Faustus, party of one? Your table is ready.

Come fly with me to Dubai - not literally, of course, one couldn't be seen dead anywhere so common - a destination we shall classify as the Helldorado of the Middle East. And that's a tough field.

In recent months, it seems there has been something of a shift in construction policy in the emirate. Not content with building hotels in the shape of God, or Mammon, or Cher, the powers that be have decided that what the place really needs is buildings actually designed by celebrities, and to this end they have commissioned all manner of stars to do just that. One such entertainer is Brad Pitt, who has long been boring interviewers with his thoughts on architecture. Brad is like a hotter version of George Costanza, who, you may recall, spent most of Seinfeld wishing he was an architect. George once claimed to have designed "the new addition to the Guggenheim". Anyway, the hilarious news is that Brad is actually being allowed to design a building - an 800-room, five-star hotel complex, in fact.

Who else? Well, undead Chanel auteur Karl Lagerfeld is creating some sort of Coco-inspired Brookside Close on Fashion Island, part of that man-made archipelago The World. Boris Becker and Giorgio Armani are to unveil their own masterplans shortly.

But this week's compromised messiah is Mr Jamie Oliver, currently appearing in those "higher welfare chicken" ads for Sainsbury's. Jamie will expand his burgeoning moral relativism portfolio to Dubai, where he is not simply to build two restaurants, but will personally design each kitchen in the houses on some insanely expensive golf course development.

"I've never before been told there is no budget and just to be creative," says Jamie, a chap who will not go hungry in any sense of the expression. "This place has so much to offer. I'm really excited to be working in Dubai."

The kitchens etc are scheduled for completion in 2011 and yet, and yet ... Who knows whether Jamie is aware of the uniformly ghastly conditions in which the armies of labourers who work on this perpetual building site are forced to live? But since he proudly confesses to never having read a book, perhaps his people could do the requisite basic internet search for him and decide whether the risk of "Slave Labour Builds Jamie's Kitchens" headlines is really worth the 30m pieces of silver, or whatever the going rate for building some island units is these days.

In fact, to save them the bother, Lost in Showbiz would like to direct them, and any other celebrity thinking of phoning in some Dubai real-estate project for a huge payday, to read Ghaith Abdul-Ahad's excellent piece on the repulsive labour ghettoes that house the migrant workers. They can find it on the Guardian website. While they're at it they may care to look at the many reports from Human Rights Watch on working conditions in the UAE, which utterly condemns the practice of bonded slavery that effectively ensures some footballer's holiday house gets built.

But if Jamie still insists on chiselling in this unedifying manner, Lost in Showbiz can think of the most darling programming idea to make the trips doubly worth it.

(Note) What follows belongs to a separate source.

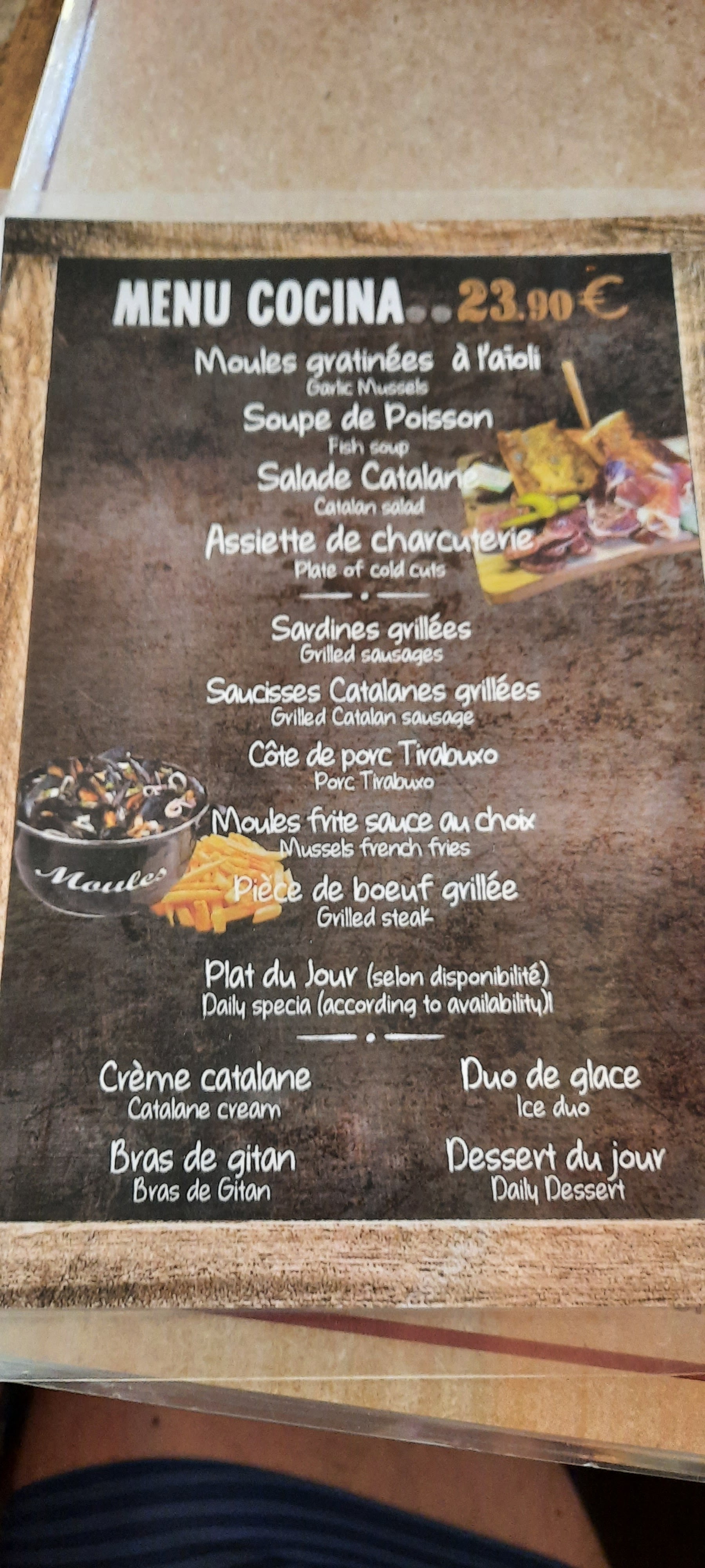 Je recommande ce petit restaurant très bien situé en bord de plage à Argeles. Cadre très sympathique et conviviale. Personnel accueillant et à l’écoute. Très peu d’attente malgré le monde. Large choix en terme de menu. Plats plutôt bien présentés. Petite assiette de charcuterie sympa, moules très bonnes seul petit bémol les frites pas assez cuites • Mais Si vous cherchez un restaurant avec un rapport qualité prix correct en bord de mer n’hésitez pas !! Je recommande La Cocina

How about Jamie's Labour Camp Dinners, a super campaigning documentary where the chef enters said desert ghettoes and tells them that eating fresh vegetables and seared tuna really isn't that hard. "I don't know," says one camera-shy worker in episode one. "I come home after a 16-hour day, and once I've queued behind the communal pans with my onion, tomatoes and lump of bread, and wondered what year, if ever, the foreman is going to give me back my passport, I'm a bit past thinking about tuna loins. But I must know - did you like the way I fitted your marble-surface-mounted high-pressure tap?"

Still, there is at least one less celebrity building on the horizon. Not so long ago it was announced that Pamela Anderson was going to build an eco-hotel in Abu Dhabi, which sounds a bit like building a yoga retreat in Basra. But that project now appears to be in turnaround. Why? Well, reading between the lines, it appears - how to put this? - that Pamela didn't fully understand the nature of the offer placed on the table by one of those nice chaps in the royal family, which seems to have been more of a quid pro quo thing, as opposed to a standard Playboy centrefold civil-engineering commission.